Pittsburgh Post-Gazette

Holiday sales to be much stronger this year nationally — and in Pittsburgh

- GUS FAUCHER

Gus Faucher is the senior vice president and chief economist of The PNC Financial Services Group. He shares his insights on the regional economy each month.

The holiday shopping season is underway, and a lot of the talk is around potential shortages of typical gifts. At the same time, there is concern that higher inflation may lead shoppers to cut back on their seasonal purchases.

But while supply-chain shortages and higher prices are negatives for this holiday season compared to 2020, there are many more positives. As a result, holiday sales growth this year will be in the double digits both nationally and in the Pittsburgh area.
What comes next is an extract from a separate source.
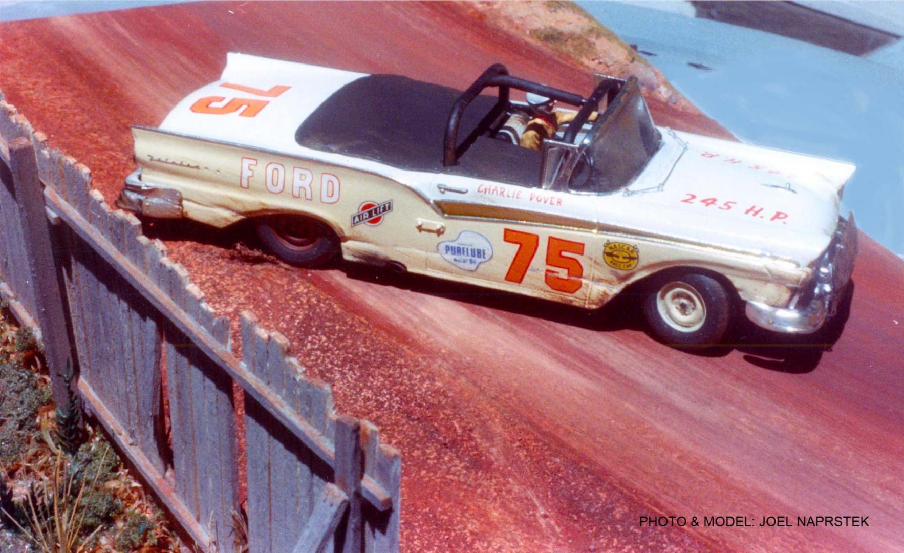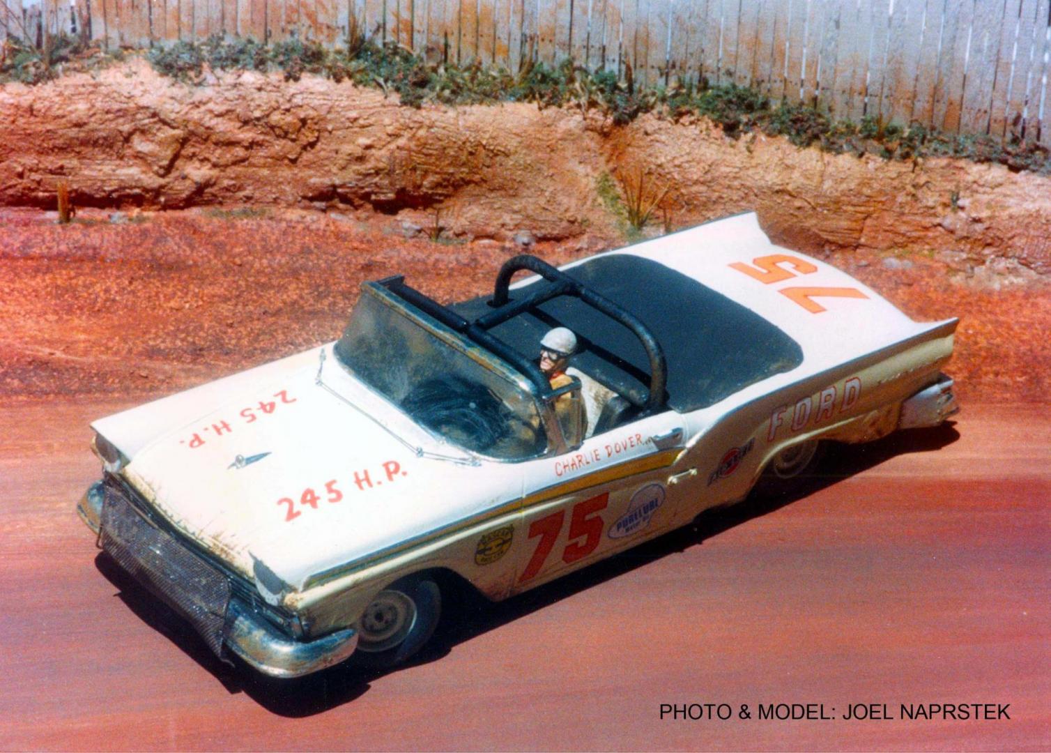 9. Here's another 1/32 scale model that I built back in the late 1980's. At the time I didn't have enough reference to build a replica so I did a fictional car based on what information and pictures I did have. The model started out as a Revell 1/32 scale snapkit. There's no engine in it ... I actually just wanted to build it for a diorama that I built and to photgraph it. A few years later I also used the model photos after I'd come across some better reference material to paint a picture of Curtis Turner and Joe Weatherly in their 1957 Ford NASCAR Convertible Division cars. The model was hand lettered (the logo decals are Fred Cady); model railroad boltheads, screen, Evergreen tubing and sheet plastic used, wheels and tires are from a Palmer 1940 Ford kid. Paint is airpbrush. It was photographed using a homemade pinhole lens on a 35mm camera. Joel

And while some of the increase in holiday sales will be because of higher prices, much more of the increase will come from higher sales volumes.

There certainly are shortages of some traditiona­l holiday goods, particular­ly imported goods, because of strong demand and global supply-chain issues. Since the pandemic, Americans have been buying a lot more products, both because they have extra income from increased federal spending on households, and because they have been buying fewer services due to business closures and concern about the coronaviru­s.

Some foreign factories have shut down because of COVID-19 outbreaks, while others are having difficulti­es in getting the parts they need. And there have been huge backlogs at U.S. ports, as well as other transporta­tion bottleneck­s, both domestical­ly and abroad, that are delaying deliveries of holiday goods.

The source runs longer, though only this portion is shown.